Élise Fitte Duval interroge la problématique de l’habitat décent et des inondations au Sénégal. Originaire de la Martinique, cette dakaroise d’adoption a promené l’objectif de son appareil vers la Banlieue dakaroise envahit par des eaux furieuses qui refusent de décamper malgré l’action des motopompes utilisées pour évacuer des champs d’eau dispersés entre Pikine, Guédiawaye, et Rufisque. Les personnes photographiées sont des gens déboussolés, pris en otage au sein d’un cadre de vie déclaré hors norme.

La tunisienne Faten Gaddes stigmatise l’action d’une usine d’exploitation et de traitement de phosphates qui a fini par transformer l’oasis de gaddés, un patrimoine naturel unique au monde, en un territoire malsain ou des maladies respiratoires et la fluorose font des ravages. Elle témoigne avec des cas illustrés dont celui de Fatima « qui, à 23 ans, a perdu presque toutes ses dents à cause de la mauvaise qualité de l’eau contaminé au fluor ».
Nyaba Léon Ouédraogo du Burkina Faso, dresse un plein champ sur les champs de gombo, maïs, et autres fruits et légumes aménagés aux abords de la décharge publique d’Akouédo à Abidjan.

Le photographe regrette le fait que ces produits alimentaires de bases, cultivés dans une zone où le sol est contaminé à toutes les formes de pollutions souterraines, soient acheminés vers les populations ivoiriennes sans que les autorités ne réagissent.

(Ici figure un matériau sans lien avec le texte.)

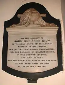 St John the Baptist Church, Hagley, memorial to John Richards MP
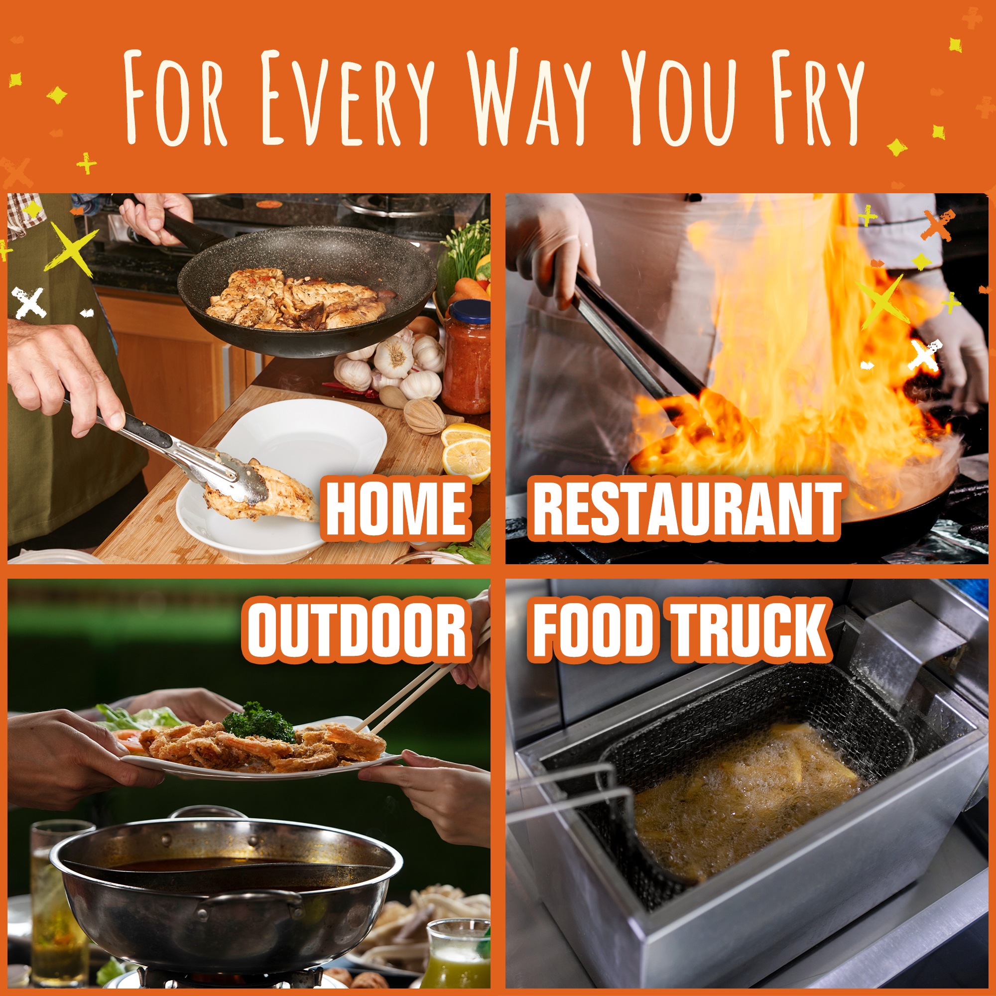 There is no substitute for perfectly fried foods. It's next to impossible to achieve the crunch and tenderness you get when you fry, with any other cooking method. But frying can be messy and cleaning up is no fun.

Le photographe Omar Victor Diop, seul sénégalais en lice, propose une lecture futuriste des produits de beauté et autres accessoires qui font la mode chez la gent féminine.
Il interroge l’avenir esthétique et le cycle de vie des matériaux du monde consumériste et se pose des questions sur ce que l’humanité fera de ces tas de choses démodées qui resteront toujours, comme pour encombrer notre environnement. À travers des pièces photographiques réalisées en studio, il présente des tops modèles habillés de vêtements et autres accessoires sortis de son imaginaire.

Le sud africain Pieter Hugo parcoure les bidonvilles d’Agbogbloshi, devenus des dépotoirs de déchets informatiques brulés par des individus exploitants de reliefs de cuivre amassés en guise de butin.
L’artiste cite le programme des Nations Unies pour l’environnement qui indique que seuls 25% de ces déchets sont recyclés par les pays du Nord, le reste étant déversé dans les pays du Sud pour « résoudre la fracture numérique » dont ont fait usage de prétexte.